Running RPG Trainer#

At a high level, RPG training requires:

  • a training, evaluation, and test dataset of <question, passage, answer> pairs

  • an embedding model (e.g. facebook/contriever-msmarco) to be trained

  • a LM (e.g. stabilityai/stablelm-zephyr-3b) used to score language distribution

Once you gathered these pieces, simply run:

python scripts/train/retriever/train_replug_retriever.py \
--full_dataset_file_path <example/documents.pkl> \
--train_file <example/train_w_qa.jsonl> \
--eval_file <example/eval_w_qa.jsonl> \
--model_name_or_path facebook/contriever-msmarco \
--lm_model_path stabilityai/stablelm-zephyr-3b \
--refresh_step 10 \
--text_maxlength 512 \
--lm_temperature 0.1 \
--retrieve_temperature 0.1 \
--num_docs 20 \
--pooling_type mean \
--per_device_train_batch_size 4 \
--per_device_eval_batch_size 4 \
--metric_for_best_model eval_retr/document_recall/recall4 \
--output_dir model_checkpoints/my_RPG_ret_model

for a full list of arguments, you can run python scripts/train/retriever/train_replug_retriever.py -h. In this example:

  • --per_device_train_batch_size, --model_name_or_path, and other training arguments are from the HuggingFace TrainingArguments class. Since we implement our trainers from Huggingface’s Trainer class, it is compatible with most of the arguments there.

  • --output_dir is the directory where the trained model, training history, and evaluation results will be saved

  • --train_file and --eval_file are the paths to the training and evaluation datasets. See RQA Data Format for more details on the format of these files.

  • --full_dataset_file_path is the path to the documents. See RQA Data Format for more details on the format of these files.

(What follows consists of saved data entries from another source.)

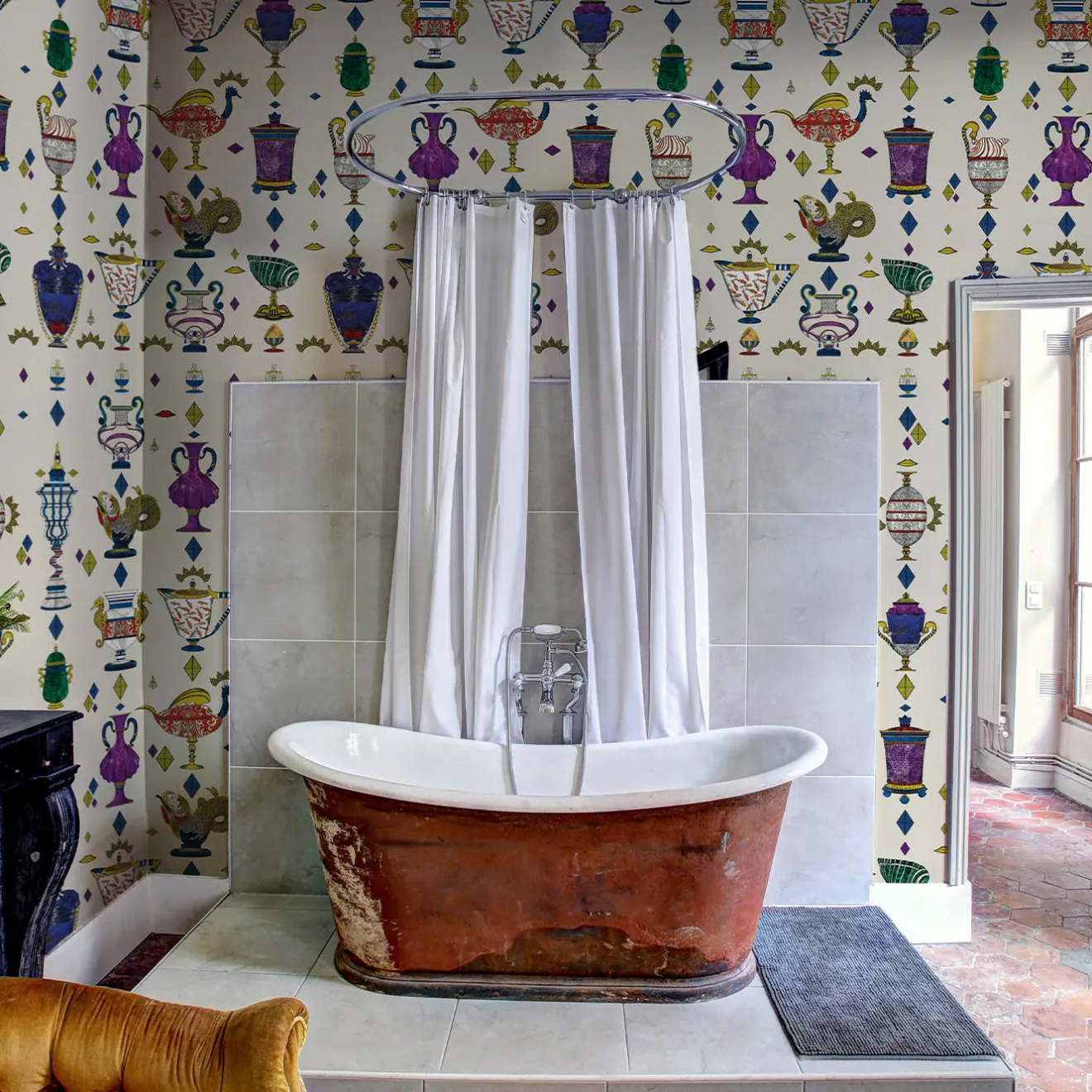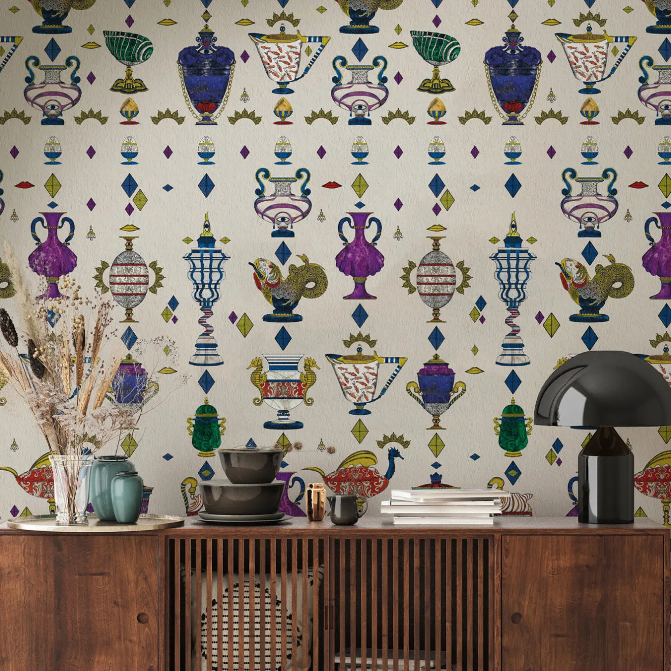 In una società in cui erano la famiglia e/o il marito a decidere per le donne e il loro destino, Anna Maria Luisa de Medici (detta Ludovica) era indiscutibilmente all’avanguardia. Era una straordinaria amante dell’arte e dello splendore. Questa decorazione murale è liberamente ispirata a lei come donna, ma soprattutto ai suoi tesori, ai suoi gioielli, al suo stile e al suo coraggio di essere al di sopra del suo tempo.
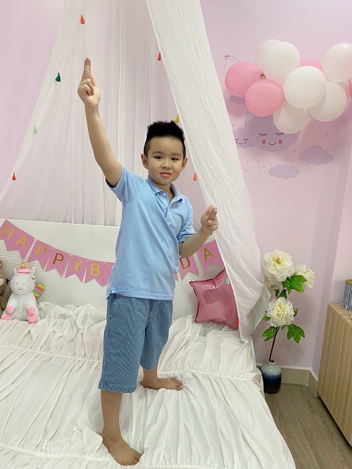Vy Oanh chia sẻ “Cậu cả vào lớp 1 mà không được tựu trường. Sáng nay khi các em còn đang say ngủ thì anh 2 đã tự giác dậy học online, không cần ai nhắc, thương lắm! Voi học hệ 13 năm theo chương trình của Anh, lớp 1 chưa biết đọc, biết viết nên ba hoặc mẹ cũng phải theo sát anh Voi, thế là 2 cụ thân sinh này thêm việc vào mùa dịch”
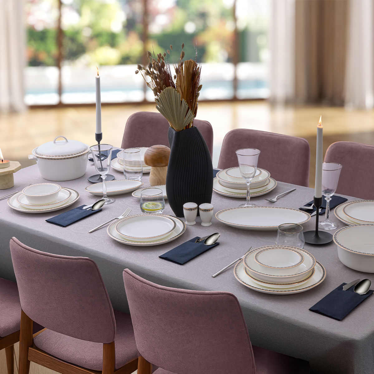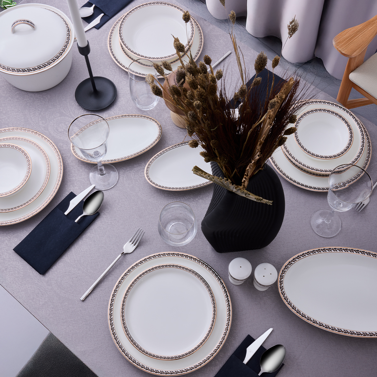 Toplam 60 parçadan oluşan bu set, 12 kişilik eksiksiz bir yemek deneyimi sunar. Servis tabaklarından çorba kaselerine, salata kasesinden oval sunum tabaklarına kadar her bir parça, sofranızı kusursuz hale getirecek şekilde özenle tasarlanmıştır.
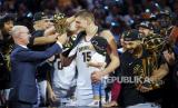Pebasket Denver Nuggets Nikola Jokic (tengah) mengangkat penghargaan menjadi pemain terbaik /MVP setelah timnya memenangkan Kejuaraan NBA dengan kemenangan atas Miami Heat di Game 5 Final NBA bola basket, di Ball Arena, Denver, AS, Selasa, (13/6/2023)WIB. (FOTO : AP Photo/Jack Dempsey)
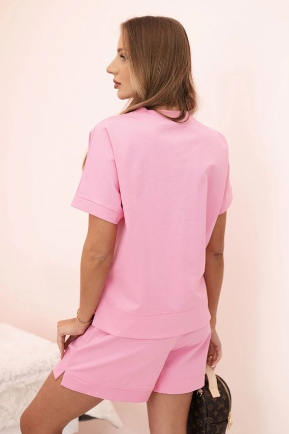 Komplet damski punto z krótkim rękawem i szortami jasny różowy
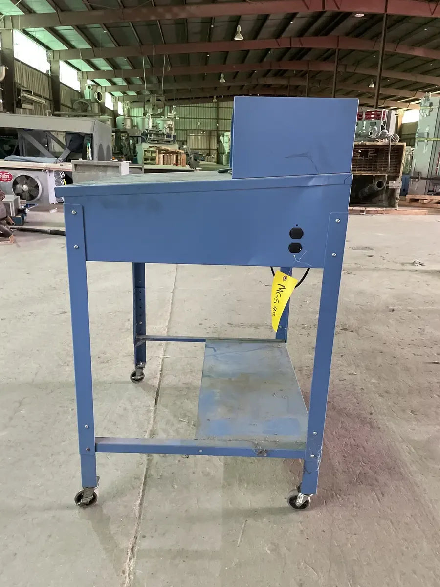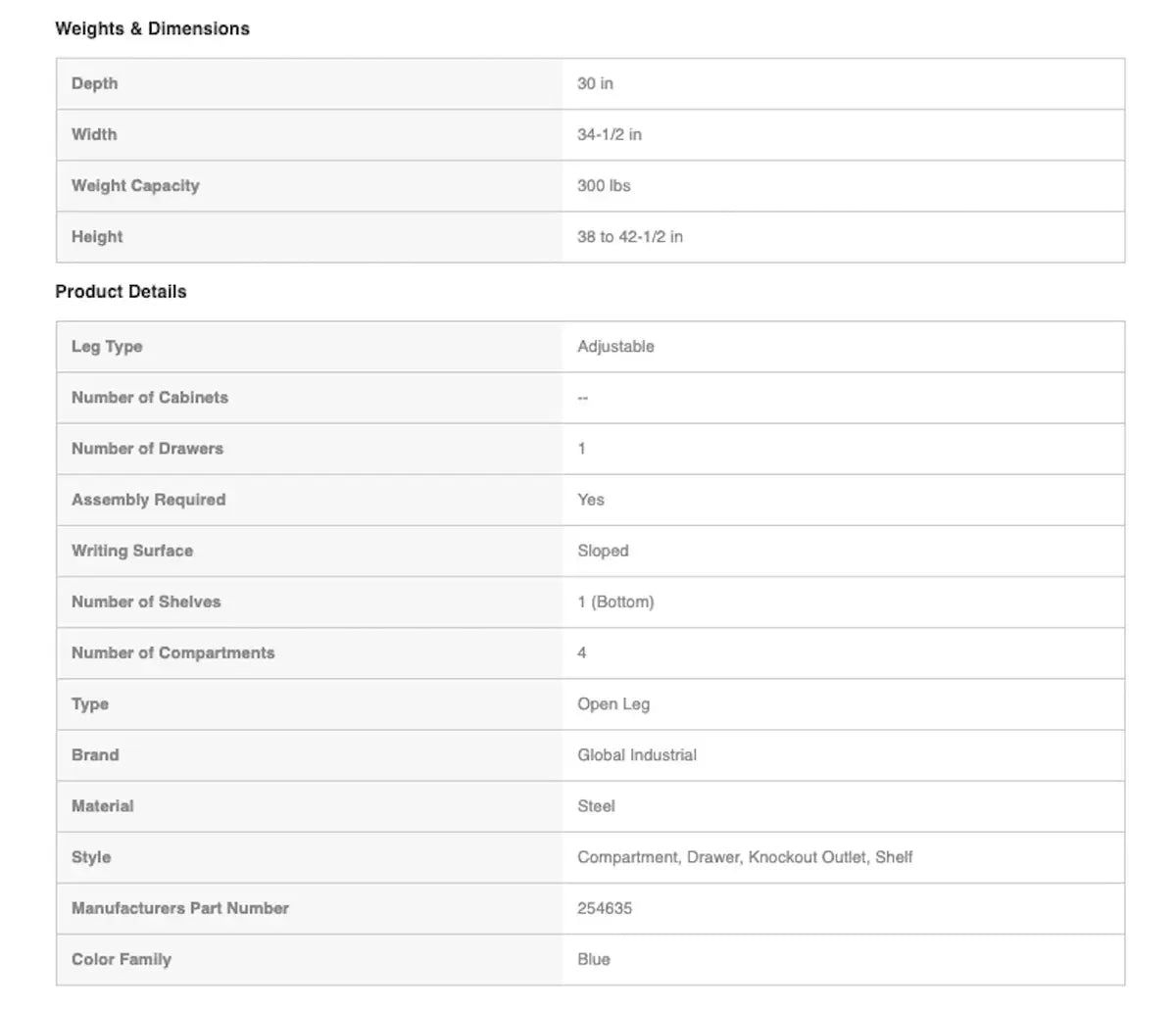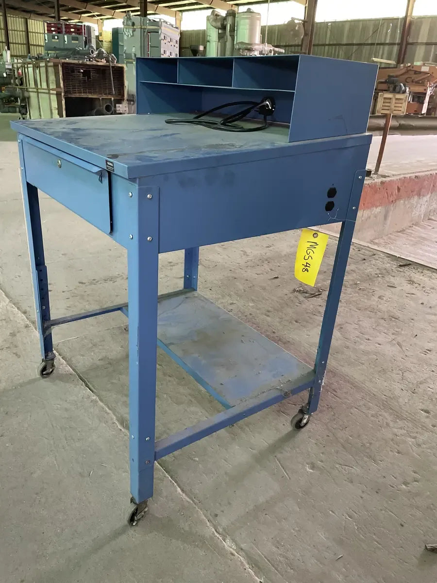 Sloped Shop Desk with wheels. Built-in Electrical Outlet for easy access. Leg type: Adjustable. The number of drawers: 1. Writing surface: Slopped. Style: Compartment Drawer, knockout-let, shelf. Overall Dimensions(in): 30 L x 34 W x 50 H.
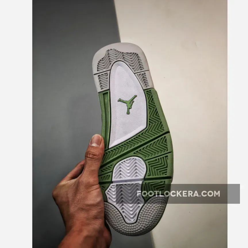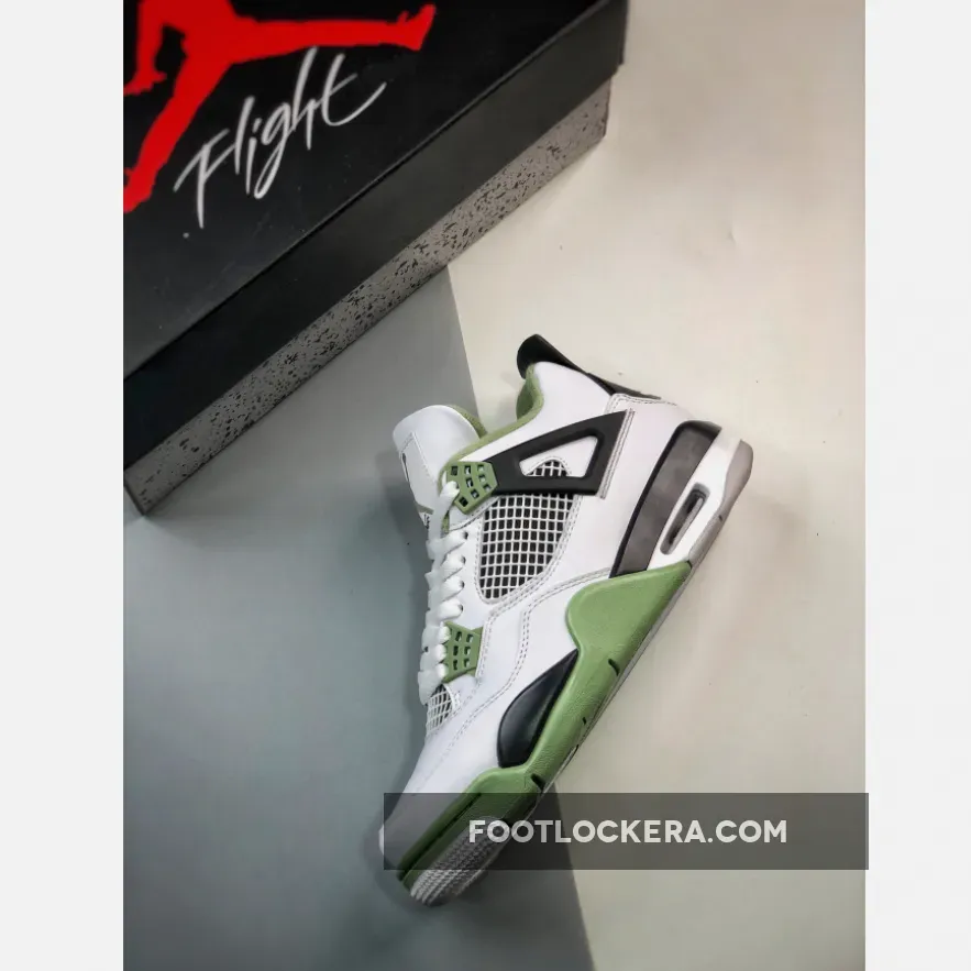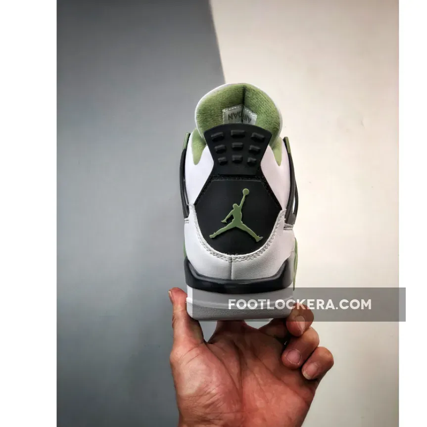 The Air Jordan 4 Seafoam (W) received the same color-blocking treatment as the Jordan 4 Fire Red, and Jordan 4 Military Blue. Seafoam green eyelets, mudguard, sock lining, and tongue and heel logos, add a layer of contrast to the sneaker.
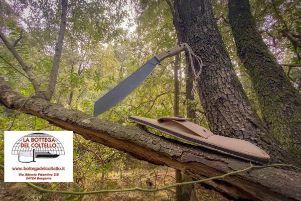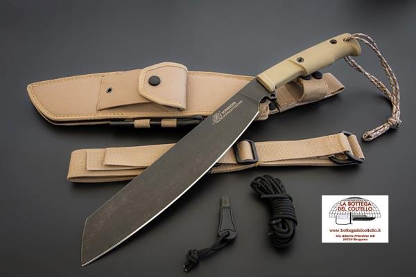 It comes with a desert cordura sheath with MOLLE system, a safety carry shoulder belt, a mini puch containing a paracord with flammable filament, which can be used in case of emergency and/or difficult climatic conditions, and a Firesteel for lighting fires.

  • --refresh_step is the hyperparameter that controls how often to update the document index.

  • --num_docs is the number of retrieved documents k for each question during the training. Note that this is different from the number during inference, which is 4 by default.

  • --lm_temperature and --retrieve_temperature are the two hyperparameters that controls the temperature of the softmax when calculaing LM and retrieval likelihood.

Note

For complete examples (e.g., obtaining files like <example/train_w_qa.jsonl> or other training hyperparameters), you can use Databricks and Faire as references.


References:

  • Weijia Shi, Sewon Min, Michihiro Yasunaga, Minjoon Seo, Rich James, Mike Lewis, Luke Zettlemoyer, and Wen tau Yih. 2023. Replug: Retrieval-augmented black-box language models.